Samira rolled across the ground, getting up as she moved, wasting no time assessing her injuries. Dutch stabbed his sword into the ground to slow his own progress, the white fire slicing through the earth like butter.
They stared at each other again.
There were no more words, only the silent promise that the next clash would be worse than the last.
Samira launched herself first, sliding across the ground in a low run, using her newly formed draconic tail to propel her leap. She came from above, her right arm raised to deliver a blow that could have crushed steel.
Dutch swung his sword to parry, but Samira dodged at the last instant, her blow aimed at his flank. He retreated half a step, but not fast enough—Samira’s draconic claws ripped into his shoulder, slicing flesh and piercing part of the flaming shield.
The smell of burning flesh and hot iron filled the air. Dutch roared, not in pain, but in pure fury, and responded with a vertical slash that sent Samira scrambling back. The blow fell to the ground, and a fiery crevice opened, spewing white flames that advanced like living serpents.
Samira ran along the crater’s broken walls, avoiding the flames. She leaped from one piece of ruin to another, descending upon Dutch again with even greater speed.

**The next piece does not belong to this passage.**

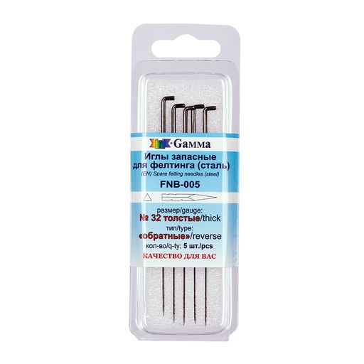 • Gamma FNB-005 Иглы для валяния (фелтинга) запасные в пластиковой упаковке с европодвесом 5 шт №32 грубые (обратные)

The duel became a whirlwind of movement.
The metallic sound of scales against the burning blade sounded like distorted bells, mixed with explosions and the roar of white fire. Each time they collided, the impact created shockwaves that swept away dust and stone, illuminating the battle with blinding flashes.

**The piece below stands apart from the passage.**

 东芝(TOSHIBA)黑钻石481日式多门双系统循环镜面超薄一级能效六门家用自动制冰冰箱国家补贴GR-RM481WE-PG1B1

Dutch began to attack more brutally, leaving less room for Samira to counterattack. He swung his sword in circular patterns, the white fire forming continuous arcs that could cut through anything it touched. Samira used her tail to block low attacks and her scale-covered arms to parry high ones, but the pressure increased with each passing second.
In an instant, Dutch thrust the blade hard against her, and white fire began to press against her scales like acid burning metal. Samira gritted her teeth, feeling the heat pierce through her defenses and into her flesh. With a scream, she pushed back, twisting her body and using her own strength against him.
The shock knocked Dutch off balance for a moment—long enough for Samira to slip under his guard and strike him squarely in the abdomen with a direct blow from her tail.
The impact sent the old warrior flying backward, crashing through two stone columns before stopping.
But even so, he rose. The white fire around him seemed more intense now, as if the fight were fueling it. He smiled, blood trickling from the corner of his mouth.
“You’re learning… too fast.”
Samira spat on the ground, the scales on her left arm still smoking. “Or you’re getting slow.”
Dutch didn’t respond with words. He simply advanced.
The next shock was even more violent.
Samira raised her arm and blocked the diagonal slash, but the impact generated an explosion so powerful that they were both pushed back, creating new craters where they landed.
They rose simultaneously, breathing heavily, and ran at each other again, their silhouettes disappearing and reappearing amidst the dust, in a duel so fast that even Strax, watching from a distance, had to strain his eyes to follow.
Dutch’s white fire and Samira’s draconic scales clashed like two primordial forces, each blow seemingly deciding the fate not only of them but of everything around them.